I'm not familiar enough with Diwali and how it is celebrated in India to determine if this makes sense. Anyone with more experience care to sound off?
Comments
whatever you claim but it shows that India enjoys at the fullest on Diwali and the whole country is full of lights, happiness and blessings.....
"who cares its diwali.......so enjoy.... :) "
This probably represents Economic growth, not population growth. The areas that are dark (Bihar, North Eastern states) are the areas in India which are comparatively backward in terms of economic growth, whereas the brightest lights are in the metropolis'. The areas that are dark also represent a very large part of the population, so the population growth theory doesn't make any sense. I'm not sure about the varying colors, but that seems like the most logical explanation.
The image is most certainly not of Diwali. For one, the idea of different regions celebrating with different colored lights is ridiculous. Some people have claimed that the colors are because of the fireworks that fill the sky on Diwali night. But that doesn't explain why the illumination is brightest along the Indus river in predominantly muslim Pakistan--Diwali is a hindu festival.
Scientists have their own strange way of creating shorthand sentences, and so do mapping specialists. Remember all those false-color pictures of the cosmos that NASA creates? This is almost certainly similar. Those aren't lights, despite the sentence wording -- those are colored dots. They represent lighting, as seen at night from high up, at 4 different times.
Think of it as a design problem: How, on a single map, would you show the changes in lighting visible at night at 4 different time points in history? The most sensible way is to use 4 layers and colorize the different layers. That way you can see exactly where the changes occur. It is an elegant, easily understood, data-dense display of very complex information.
And then some internet cretins came along and declared that the colors are really like that on the ground. Morons are everywhere.
I assume the wording should have been this, in order to be understood by us outsiders (outside the project):
The photo is an overlay of shots of night lighting visible from space, highlighting India's burgeoning population over several years. The white color indicates night-time illumination visible before 1992. The blue color indicates (white) lighting that first appeared in 1992. The green color indicates lights that first appeared in 1998. And the red color indicates lights that first appeared in 2003.
This is definitely not Diwali. Mostly what Ken K said previously is correct. But it does not really indicate population growth either. What it does indicate is previously economically backward regions experienced enough economic advancement so as to be able to afford enough (white colored) electric lights as to be visible from space. People lived in those areas before but survived using small oil or kerosine lamps because there was no electricity. The area with the highest concentration of red is the state of Orissa a backward place that is slowly growing.

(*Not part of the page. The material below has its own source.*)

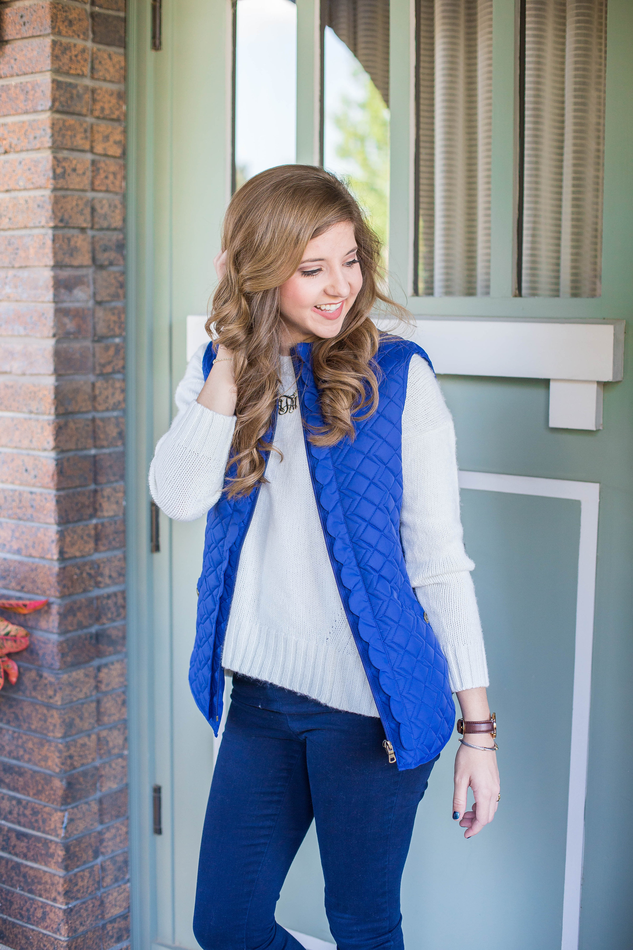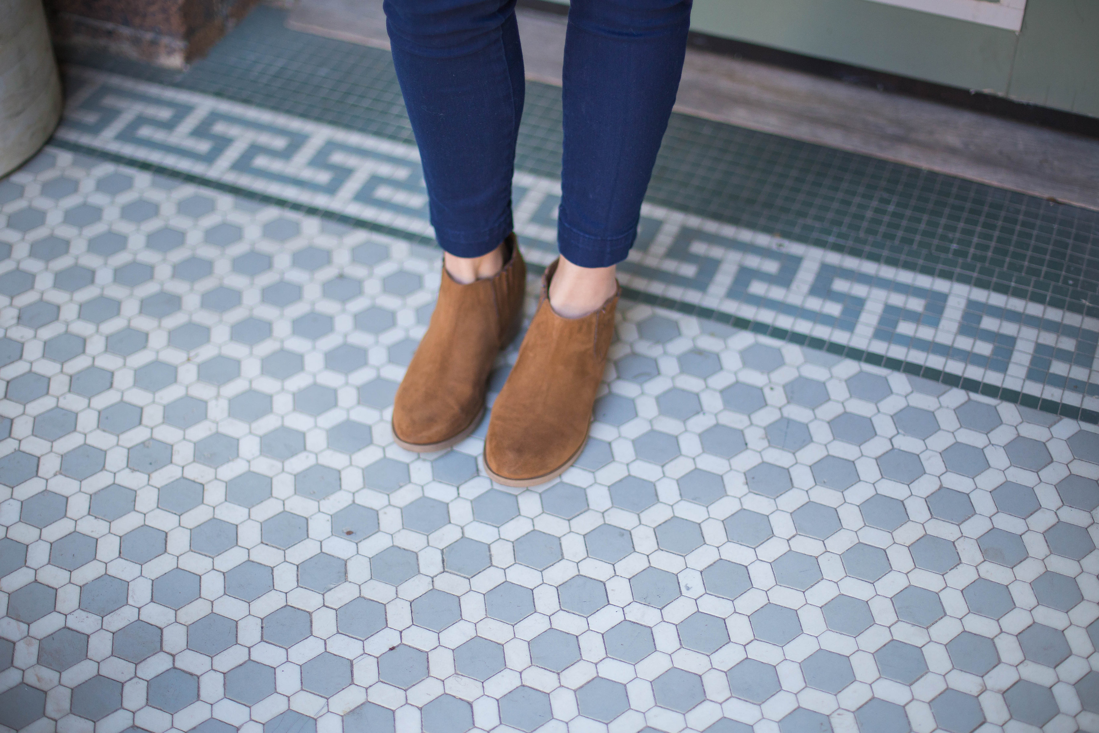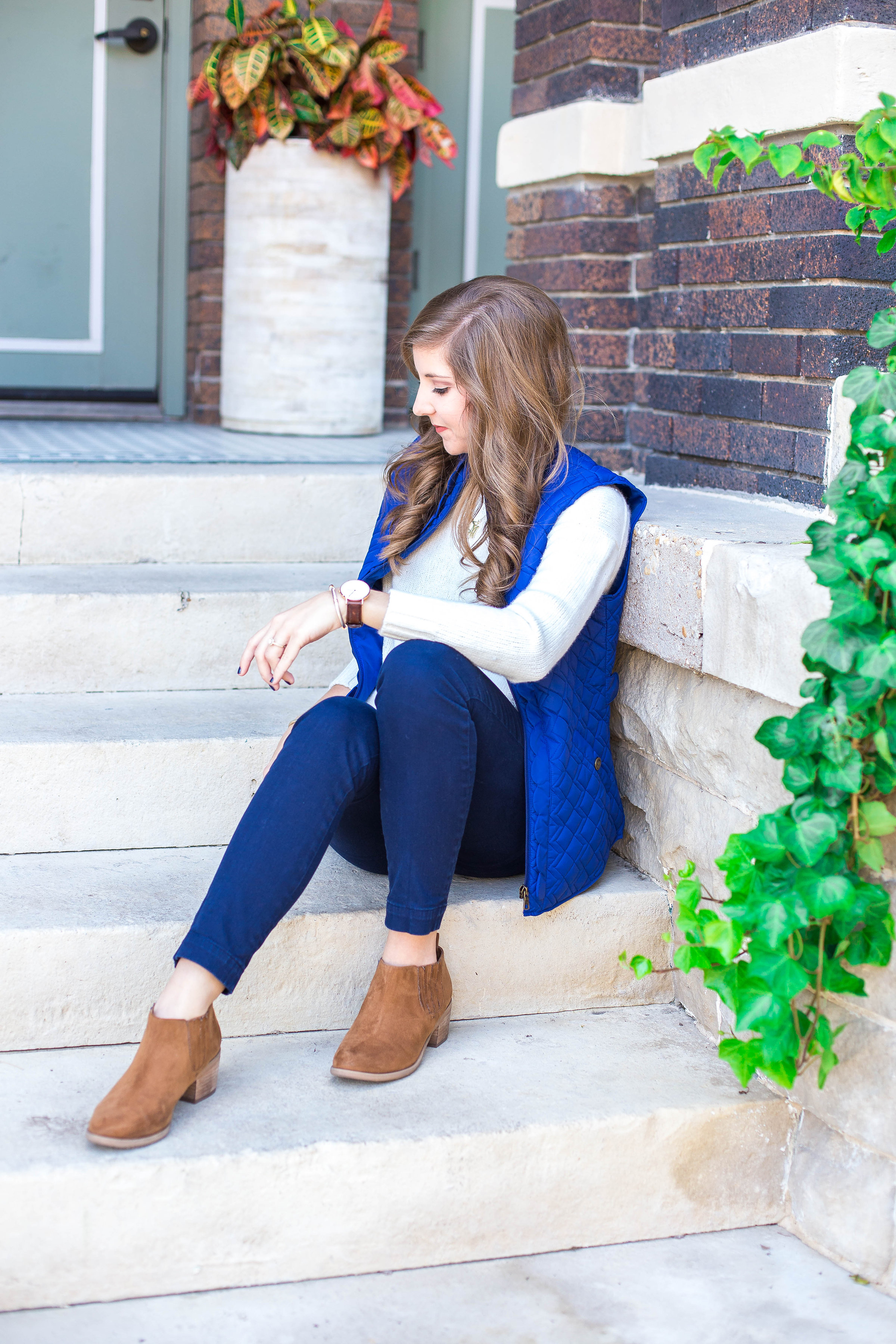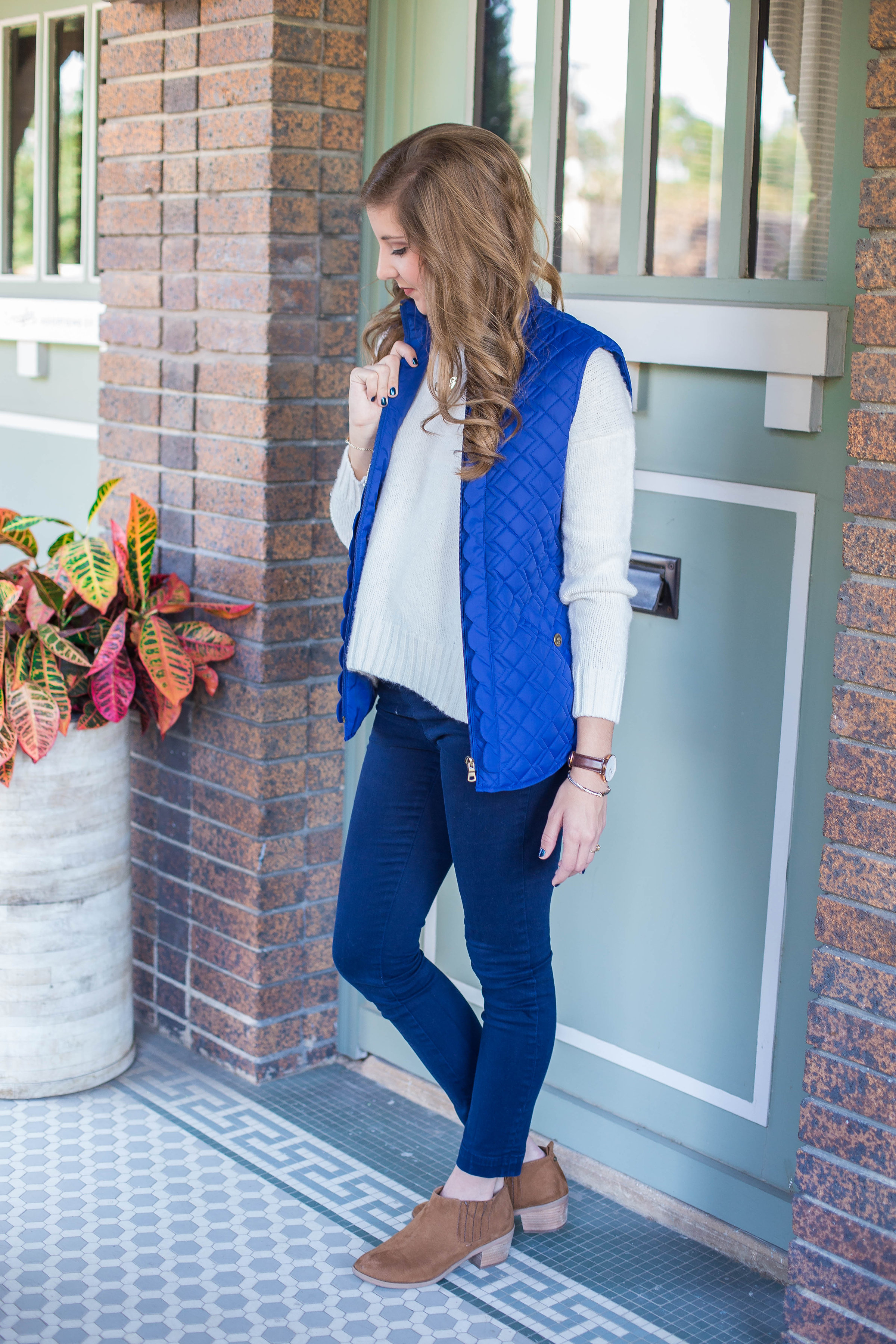 Layering a thick sweater under a vest is my go to in cold weather! If needed I will throw a button down underneath the sweater and a coat on top for extra warmth, depending on the weather…it is Texas after all so you never know.

The original source of the image is the NOAA, in about 2004. You can see it here:
http://www.ngdc.noaa.gov/dmsp/interest/india.html
WHETHER ITS DIWALI OR ECONOMIC GROWTH, WHY DO YOU EUROPEANS AND AMERICANS HAVE TO WORRY ABOUT THAT?
Red Light District and Slave Trade - visit Not For Sale web site to see slave maps
i prefer to keep the purity beauty n romance of diwali entact..and not put so much logic into it...shows how indians know to celebrate festivals together as one country...
If this picture represents the celebration of Diwali...it is utterly sad, because most of the fireworks are made by bonded child labour in India.